The misuse of Article 130, which punishes any breach of the confidentiality of investigations, is one of the authorities’ favourite weapons. Since the start of 2007, al-Sudani has fallen victim to this ambiguous piece of legislation which is supposed to prevent “influence being brought to bear on an on-going investigation”.

The council’s secretary-general, Hashim al-Jaz, told Al-Ra’y al-Aam that the council’s leaders headed by Ali Shamou had met Vice-President Ali Osman Taha yesterday and had stressed the importance of making a decision regarding Clause 130 and for it not to be applied against the press and in issues of publication.

Al-Jaz said he was optimistic that the government would respond to the demands raised. "We do not want clause 130 to be used to suspend papers," he added.

On the other hand, the Media and Communication Council of ruling National Congress Party has said today it was determined to ensure freedom of press.

The acting chairman of the council, Mohamed Hamoud said there were plans carried out by the council and the Parliament to make changes in the Media Law. He said the council directed its sub-committee on media to lay down laws that will be adopted in the changes that will be made to the Media Law.
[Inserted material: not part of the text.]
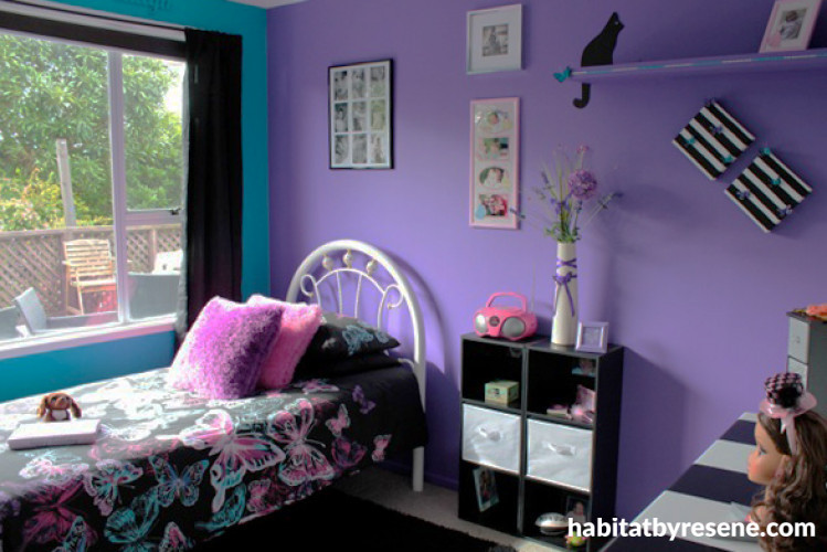 While Ellex likes all colours, she’s a ‘girly-girl’ at heart and loves purple. Her bedhead wall is painted with Resene Studio (purple) and remaining walls in Resene Pelorous (blue).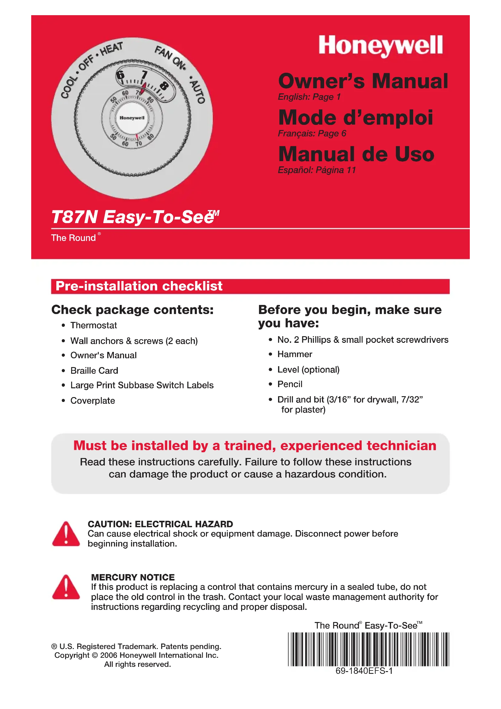 reçu la formation pertinente. Lire attentivement les instructions. Le fait de ne pas les suivre risque d’endommager le produit ou de constituer un danger.AVIS SUR LE MERCURESi le nouveau thermostat remplace un ancien régulateur contenant un contact à mercure, ne pas mettre l’ancien régulateur aux poubelles. Communiquer avec le service local de cueillette des déchets pour obtenir de l’information sur le recyclage ou sur la bonne façon de disposer d’un ancien régulateur contenant un contact à mercure.MISE EN GARDE : RISQUE DE CHOC ÉLECTRIQUEPeut provoquer des chocs électriques ou endommager le matériel. Couper l’alimentation électrique avant d’effectuer le raccordement. T87N Easy-To-See

The justice ministry on 1st February banned al-Sudani “indefinitely” for referring to the 2006 murder of the editor of the daily al-Wifaq, Mohammed Taha, in defiance of a government imposed blackout on the case on the pretext of “preserving public order”.

Protests from professional organisations – and from the National Press Council, close to the government, which questioned the legality of the decision – resulted in a climb-down by the authorities 48 hours later.